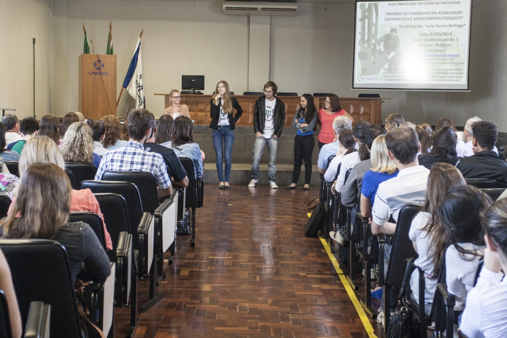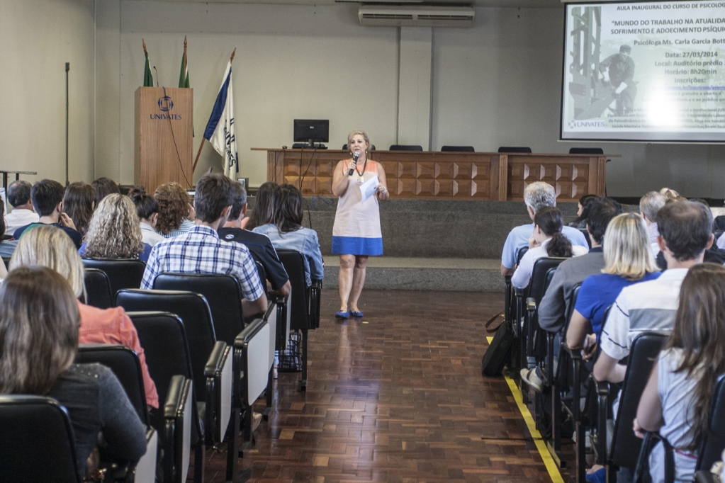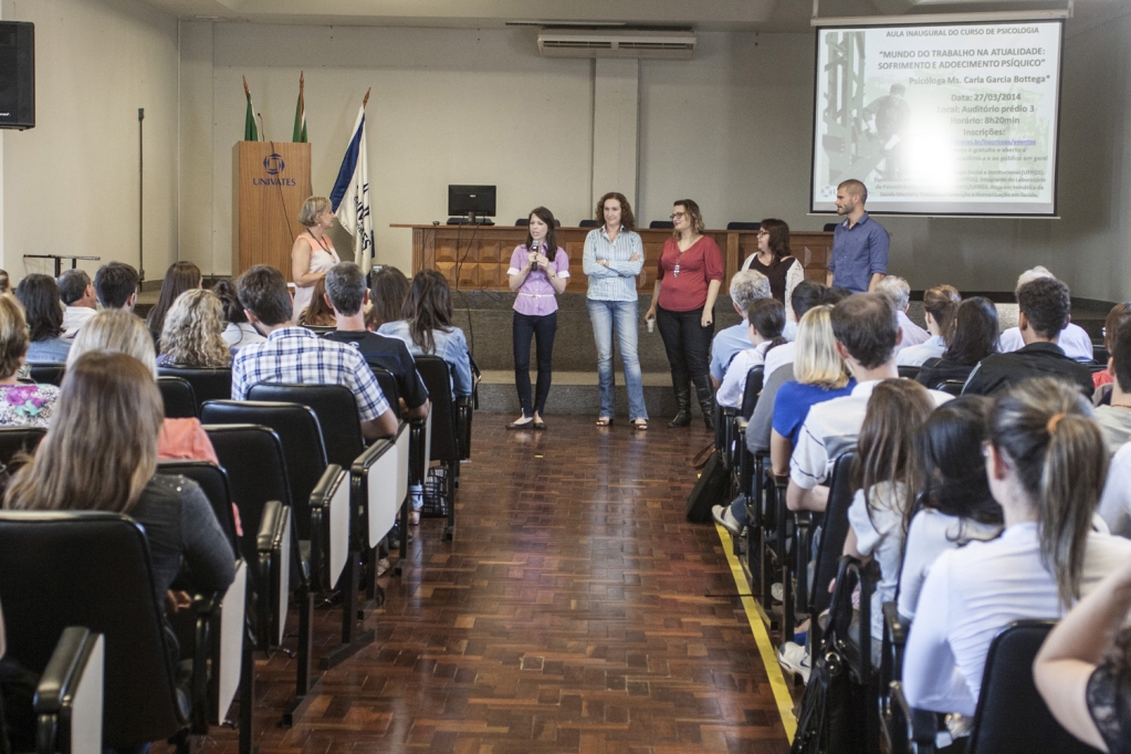 O curso de Psicologia da Univates realizou, na manhã desta quinta-feira, dia 27, a aula inaugural deste semestre. A atividade contou com apresentação da coordenadora do curso, professora Ana Lúcia Bender Pereira, dos integrantes do Diretório Acadêmico de Psicologia e de alguns docentes do curso que estavam presentes no evento. Após, foi realizada a palestra ?Mundo do Trabalho na Atualidade ? sofrimento e adoecimento psíquico?, ministrada pela psicóloga e doutoranda Carla Garcia Bottega.
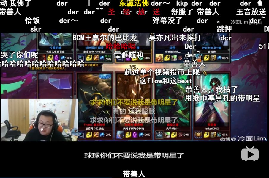 但孙笑川作为不那么优秀的选手,面对弹幕辱骂,气不过只能反击。时间长了,他也总结出规律,粉丝喜欢看他操着一口川普骂人,以及打输游戏气急败坏喷队友的样子。他的脏话带有语言最原始的能量,时常能别出心裁,颇具“直播效果”。他给自己定了人设,技术差,脾气大。渐渐的,大家接受了这个脾气暴躁的胖子,他成了身上有梗的人,这意味着他有了人气,骂声也渐渐不那么千篇一律了。
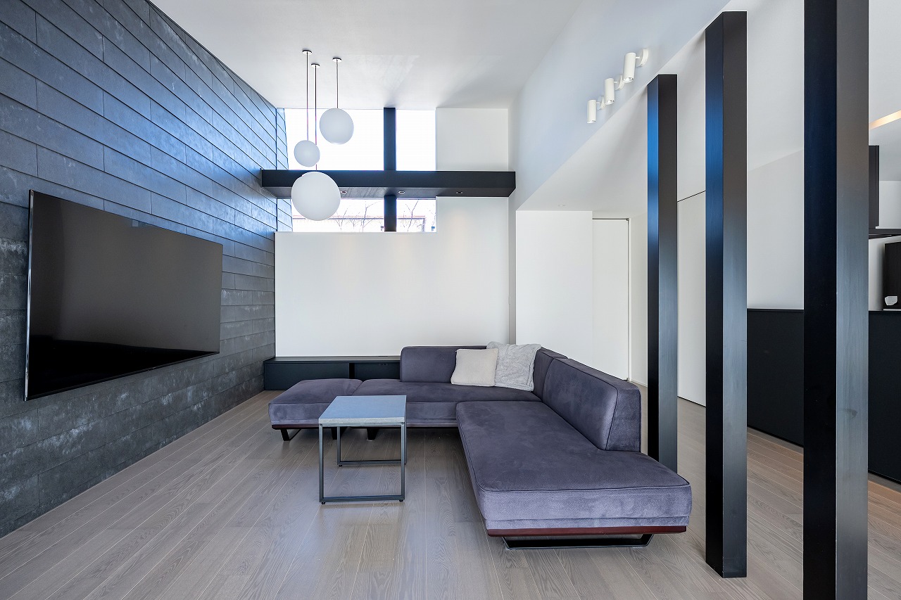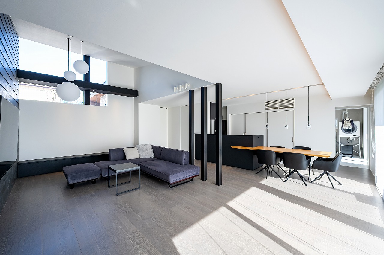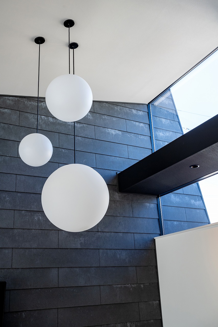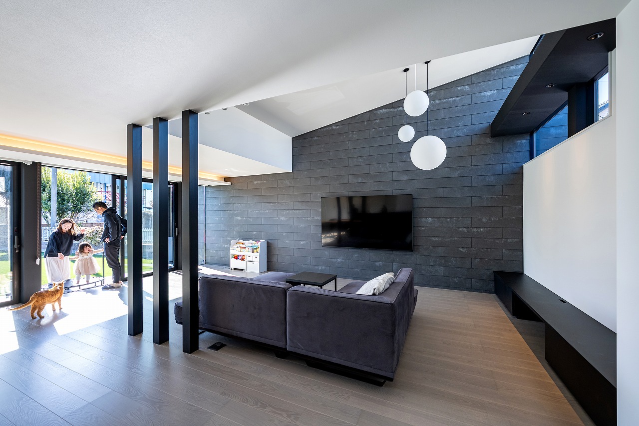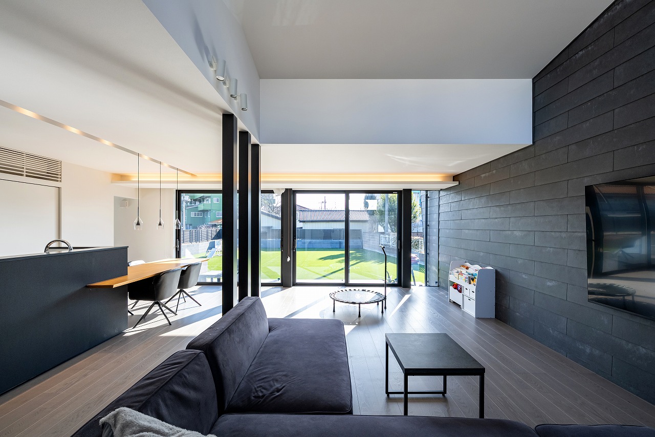 広大な土地を生かして広々としたお庭に建つ平屋のT様邸。室内と外がつながる開放的な設計が魅力で、リビングと庭をつなぐ大きな窓からはBBQや猫ちゃんが日向ぼっこをする様子が広がります。デザイン面では室内外ともにモダンな雰囲気で統一。植栽や木目の天井、ペンダントライトなどをアクセントにスタイリッシュな雰囲気に仕上げました。さらにリビングの壁は外壁と同じ素材を使用することで視線が抜け、まるで外と中が一体化したような開放感を演出します。他にも、キッチンとダイニングの横並び配置や贅沢な回遊動線、ファミリークローゼット隣接のランドリールームなど、家事のしやすさにもこだわった暮らしやすく魅力あふれる住まいです。
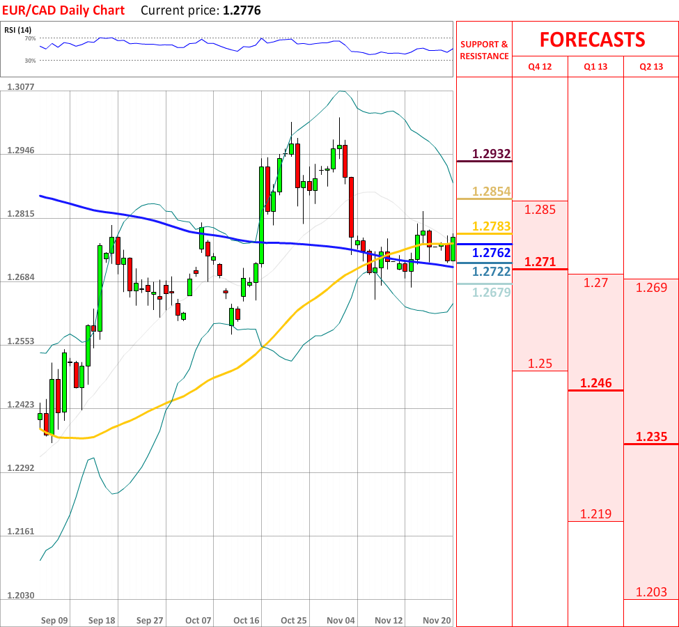 OutlookThe bearish reaction, which occurred yesterday, has failed to continue, as today EUR/CAD experienced a significant movement upwards, which has already managed to break the 55-day SMA. As for now, the currency couple is about to test the 20-day SMA at 1.2783, which might slow down the rally, but if it is broken, then the currency pair is likely to reach the monthly PP at 1.2854, which in turn will probably bring some bearish impetus. Additionally, the overall indicator outlook is negative, therefore a soon trend reversal might me expected.

######

_WHAT YOU WILL DO_
Leave out the pictures, and please output only the lines from the line that contains "但孙笑川作为不那么优秀的选手" through the end of the data, both ends included.

_RESULT_
 但孙笑川作为不那么优秀的选手,面对弹幕辱骂,气不过只能反击。时间长了,他也总结出规律,粉丝喜欢看他操着一口川普骂人,以及打输游戏气急败坏喷队友的样子。他的脏话带有语言最原始的能量,时常能别出心裁,颇具“直播效果”。他给自己定了人设,技术差,脾气大。渐渐的,大家接受了这个脾气暴躁的胖子,他成了身上有梗的人,这意味着他有了人气,骂声也渐渐不那么千篇一律了。
 広大な土地を生かして広々としたお庭に建つ平屋のT様邸。室内と外がつながる開放的な設計が魅力で、リビングと庭をつなぐ大きな窓からはBBQや猫ちゃんが日向ぼっこをする様子が広がります。デザイン面では室内外ともにモダンな雰囲気で統一。植栽や木目の天井、ペンダントライトなどをアクセントにスタイリッシュな雰囲気に仕上げました。さらにリビングの壁は外壁と同じ素材を使用することで視線が抜け、まるで外と中が一体化したような開放感を演出します。他にも、キッチンとダイニングの横並び配置や贅沢な回遊動線、ファミリークローゼット隣接のランドリールームなど、家事のしやすさにもこだわった暮らしやすく魅力あふれる住まいです。
 OutlookThe bearish reaction, which occurred yesterday, has failed to continue, as today EUR/CAD experienced a significant movement upwards, which has already managed to break the 55-day SMA. As for now, the currency couple is about to test the 20-day SMA at 1.2783, which might slow down the rally, but if it is broken, then the currency pair is likely to reach the monthly PP at 1.2854, which in turn will probably bring some bearish impetus. Additionally, the overall indicator outlook is negative, therefore a soon trend reversal might me expected.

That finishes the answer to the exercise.